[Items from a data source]
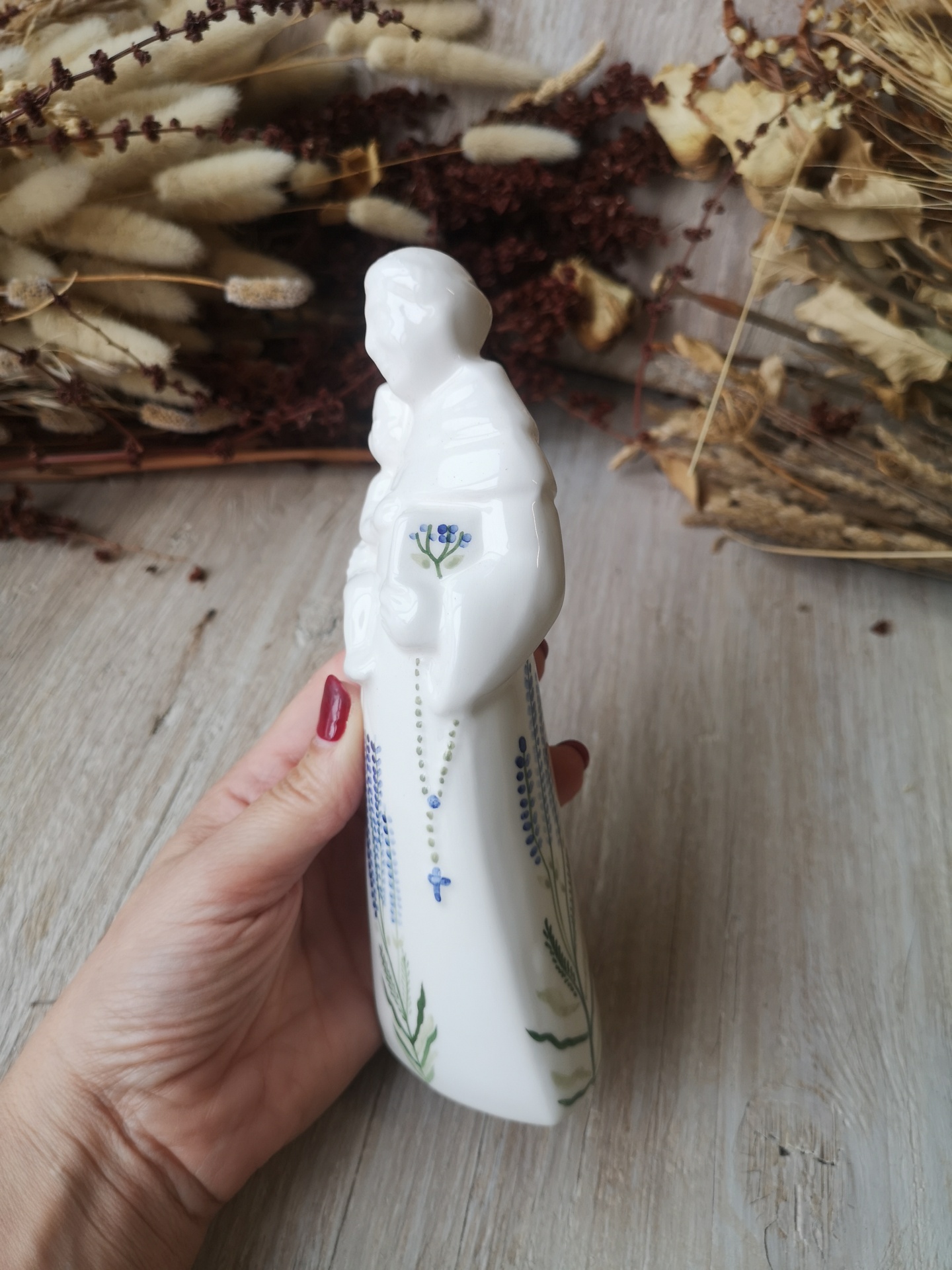 Figura religiosa de porcelana branca com pintura floral azul e verde e rosário azul, segurada por mão com unhas vermelhas.
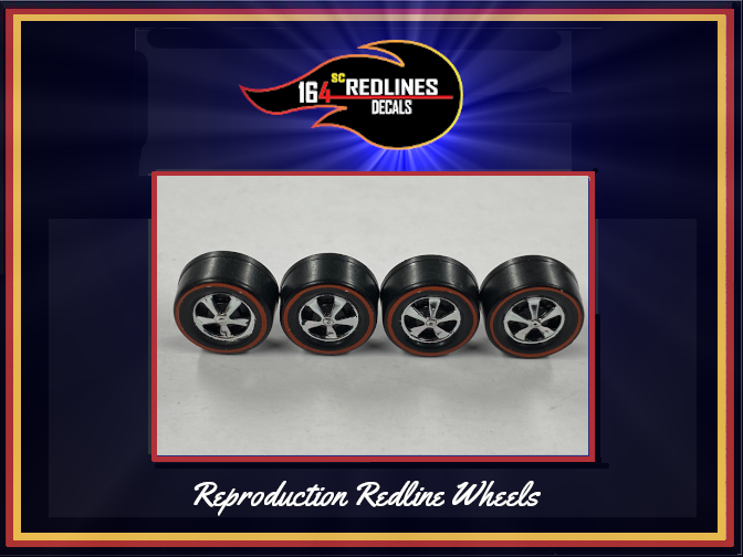 Hi quality reproduction replacement wheels for 1968-1974 Redline Hot Wheels. We have large varity of sizes and style types to replace those old scuffed and scratch wheels to give your Hot Wheel the fresh new look again.
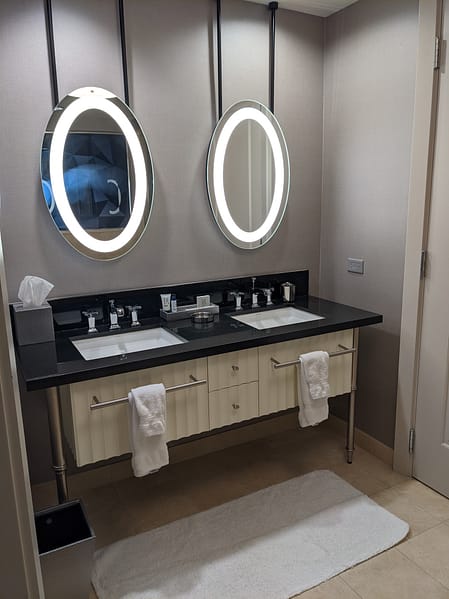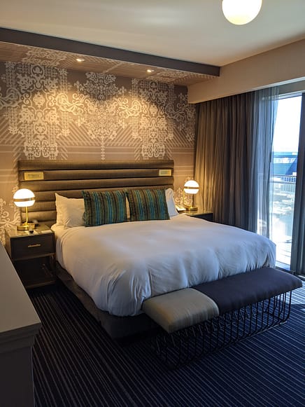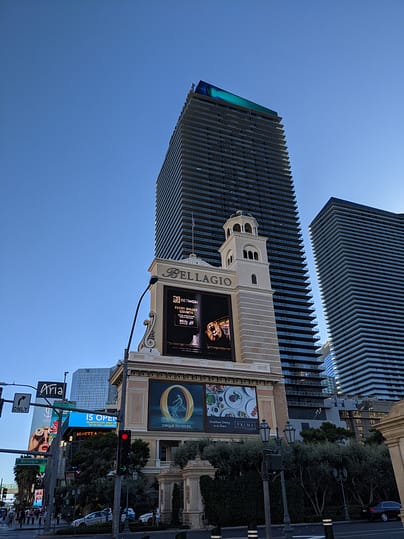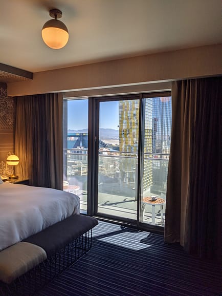 After In-n-Out, we headed to check in to our hotel for the night! We stayed at the beautiful Cosmopolitan Hotel right on the strip! I LOVE this hotel. From the theme, the location, and smell of the hotel (yes, smell lol) I have now stayed here for the 4th time and plan to come and stay here in the future! Originally, I had booked a City Room with 2 Queen Beds. Apparently, luck was on our side (we should have gambled while we were there!) and we got upgraded to a Terrace Studio Room! I was SO excited!! The Terrace Studio has a King Bed with a large, luxurious bathroom that includes a full-size tub. These rooms also come with an oversized private terrace with great views of the city. I had never had a room like that when staying there before, so I was loving the upgrade! Currently, covid protocols require you to wear a mask in all public areas of the hotel. You still have to visit the check-in counter to get your room key and information. You will receive a “Covid Kit” upon arrival in your room that includes 2 disposable masks and hand sanitizer. Rooms are sanitized thoroughly between each guest visit. Room service is currently suspended and housekeeping only visits to bring items upon request. They will not clean your room each day until you check out.
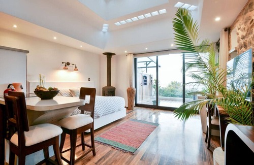 Villa "Pyramid House" is a self-contained gem designed for two. It features an open-concept bedroom with a queen-sized bed, luxurious linens, and a private ensuite bathroom. The bedroom opens onto a spacious deck with large sliding doors, offering breathtaking panoramic views of the three majestic 13,000-foot volcanoes: Agua, Fuego, and Acatenango.
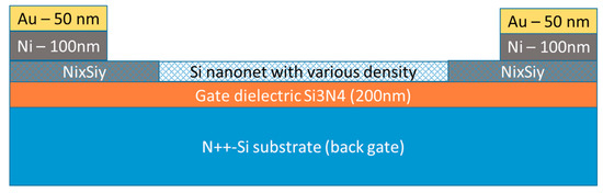 After the transfer, the nanonet conductivity is enhanced through sintering to create conducting paths at NW/NW junctions [9]. With this aim, rapid thermal annealing was carried out on the nanonets under nitrogen at 400 °C for 1 min. The source and drain contacts are defined by photolithography and lift-off of a stack consisting of 100-nm-thick nickel and 50-nm-thick gold. Good contact between the semiconductor and electrodes is achieved through the silicidation performed at 400 °C for 1 min.
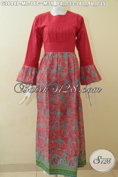 Gamis Batik Warna Merah Dengan Bawahan Bermotif Trendy Nan Mewah, Abaya Batik Model Terbaru Proses Printing Wanita Muslim Tampil Makin Modis [G3644P-M , L]
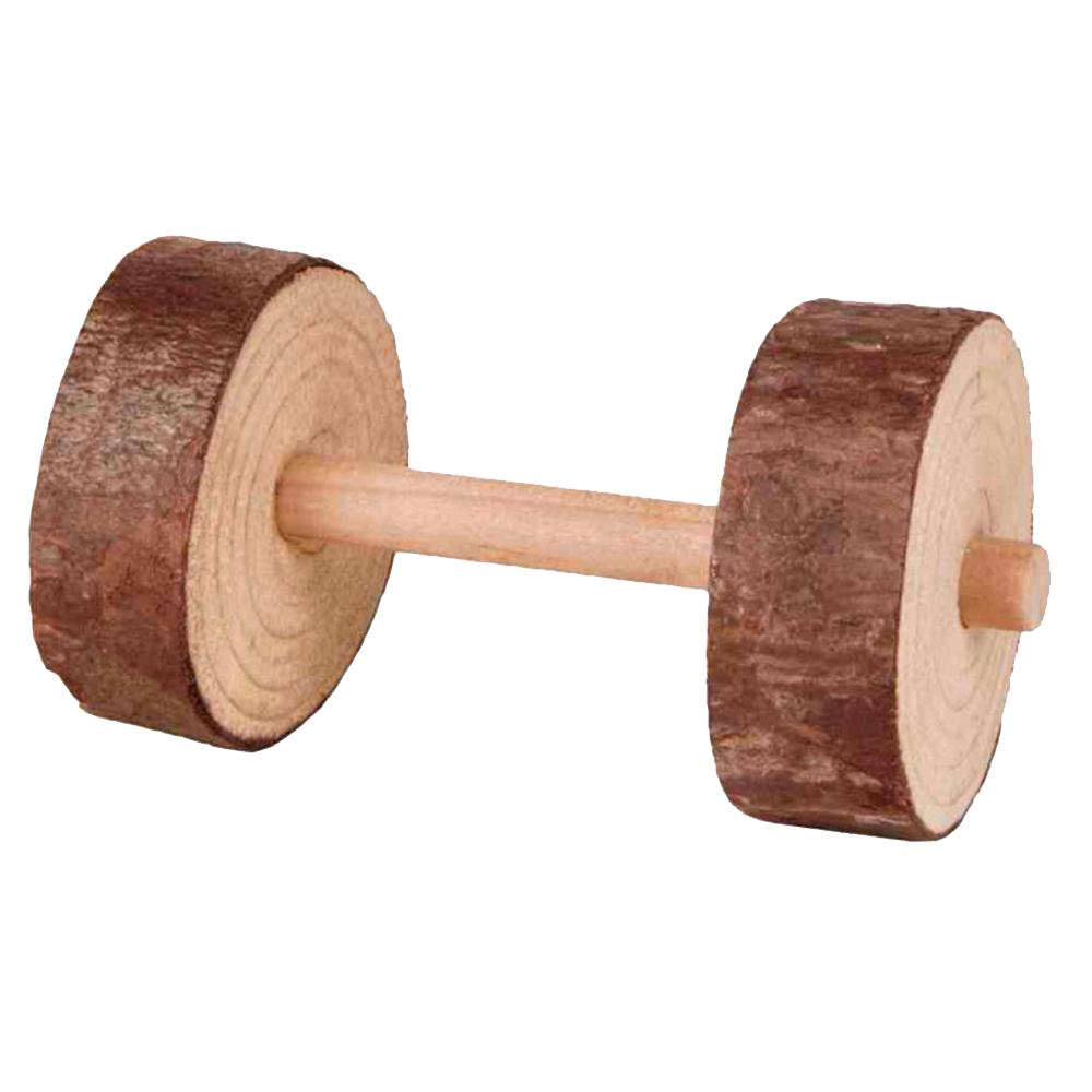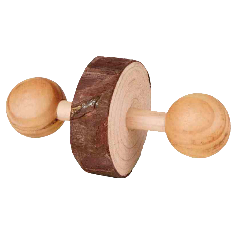 • Brinquedo de madeira com cilindro de tronco natural e bolas nas extremidades
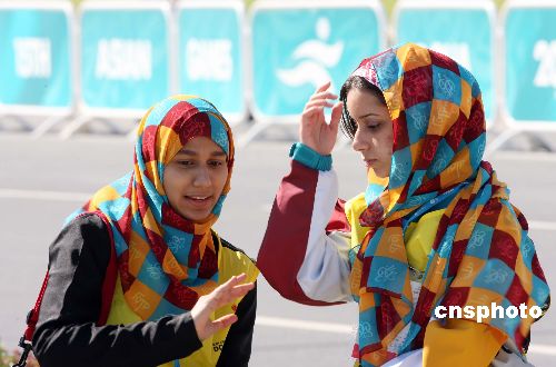 多哈当地时间十二月三日上午,两名女志愿者在第十五届亚运会赛场上交谈。根据主办方公布的数字,本届亚运会有来自七十七个国家的三万名志愿者报名应征,最终组委会从中选出一万六千名志愿者。中新社发 毛建军 摄
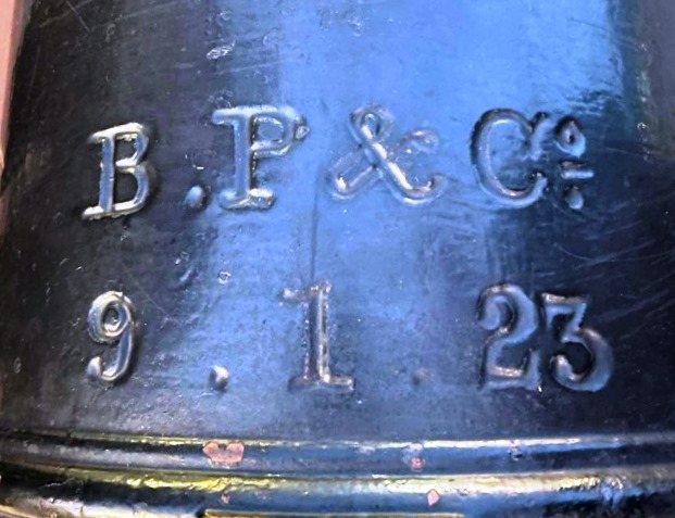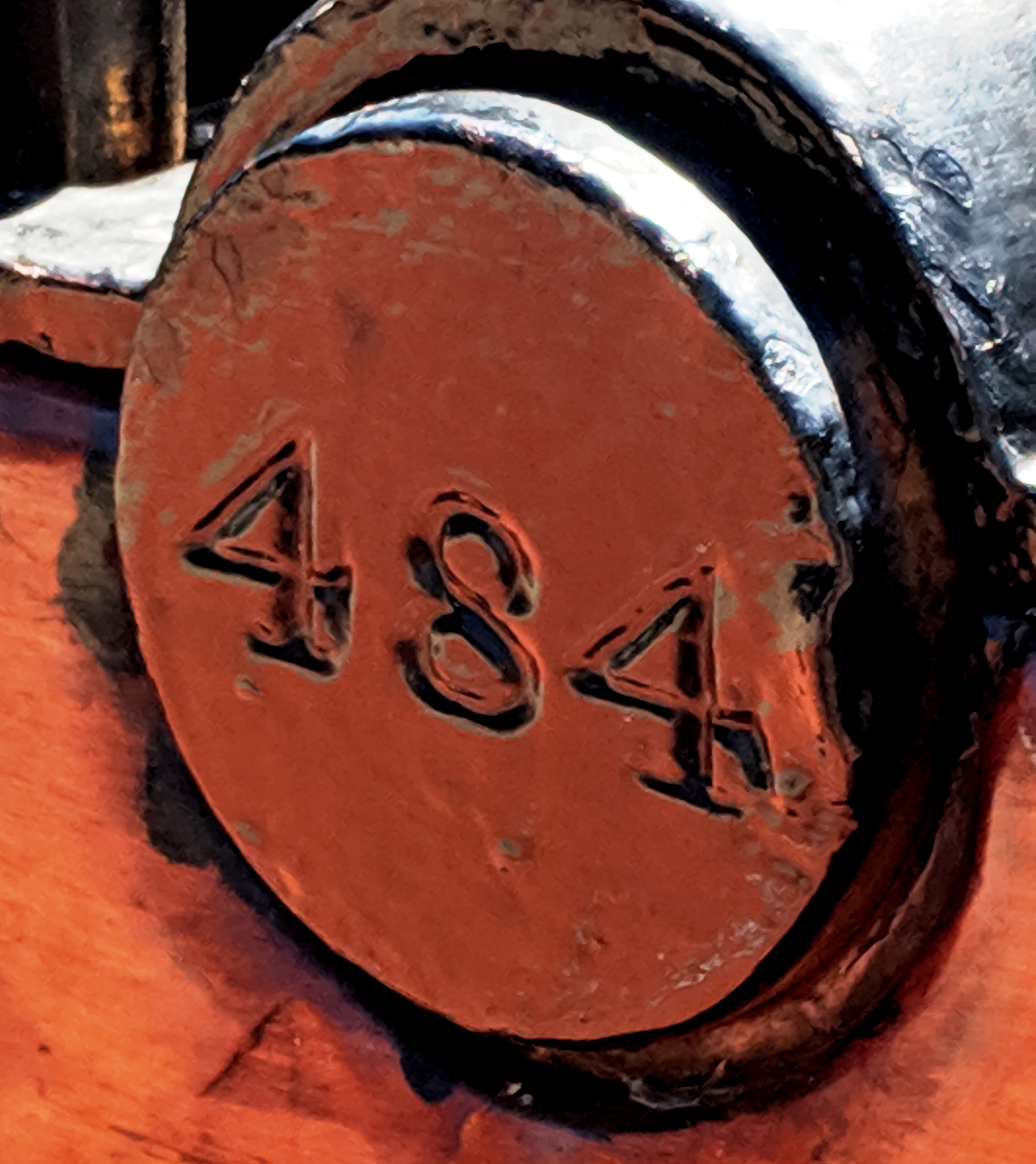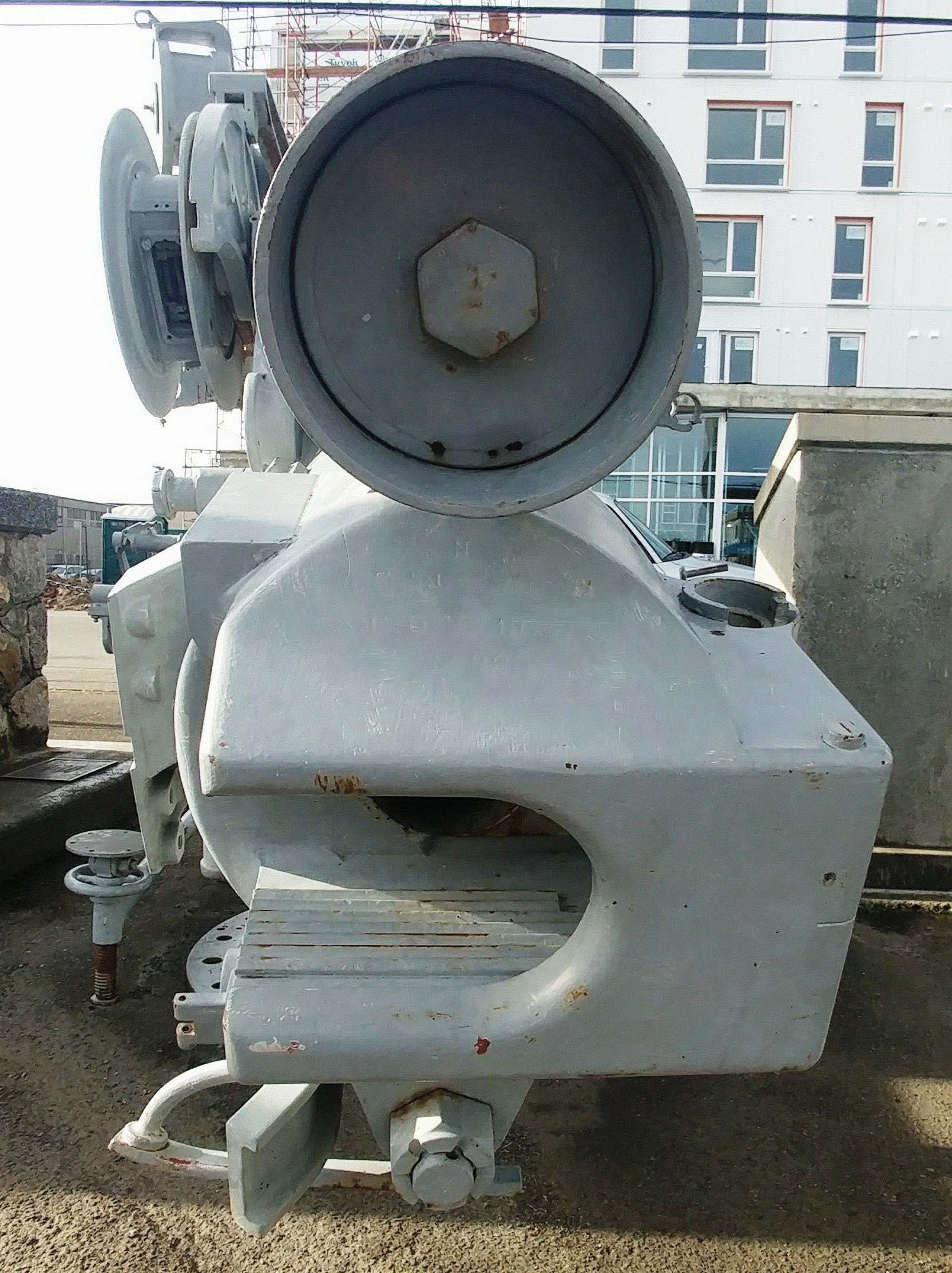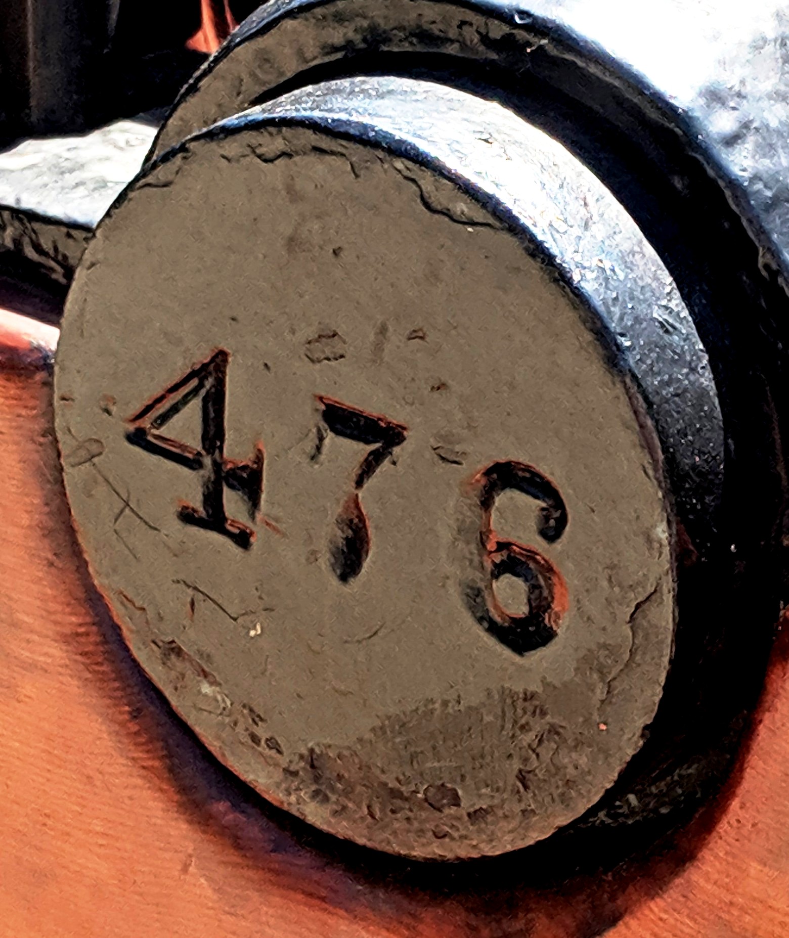 4-inch/50 caliber (102-mm) standard low-angle, quick-firing gun used by the US Navy. Stamped into the steel is “4 IN CARRIAGE. Stamped on a plate riveted to the steel is “4-50 carriage”. The stamping includes “Walter Scott & Co Inc Plainfield NJ”, 1943. The plate bears “Serial Number 5038”. The gun is mounted on a wet mount, used by US Navy submarines. John Eckersley.
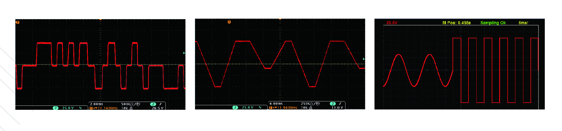IT7600系列內(nèi)建多種不同類(lèi)型的波形,如三角波、正弦波、方波、鋸齒波等波形,用戶(hù)可以通過(guò)菜單調(diào)用并在LCD屏幕上顯示出選擇的波形。
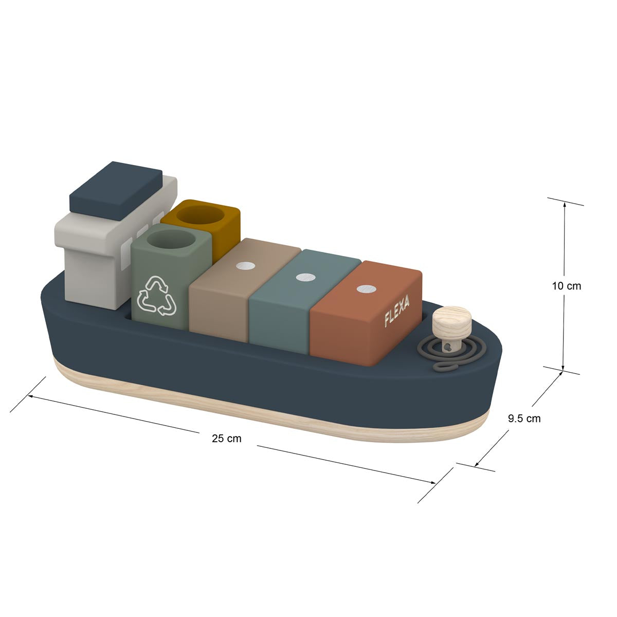 Enrich imaginative play and strengthen fine motor skills with Flexa's Container Ship and containers.

About this exercise: All lines from the start of the entries through the one with "Hi quality reproduction" are to be output exactly; omit the pictures.

Response:
 Figura religiosa de porcelana branca com pintura floral azul e verde e rosário azul, segurada por mão com unhas vermelhas.
 Hi quality reproduction replacement wheels for 1968-1974 Redline Hot Wheels. We have large varity of sizes and style types to replace those old scuffed and scratch wheels to give your Hot Wheel the fresh new look again.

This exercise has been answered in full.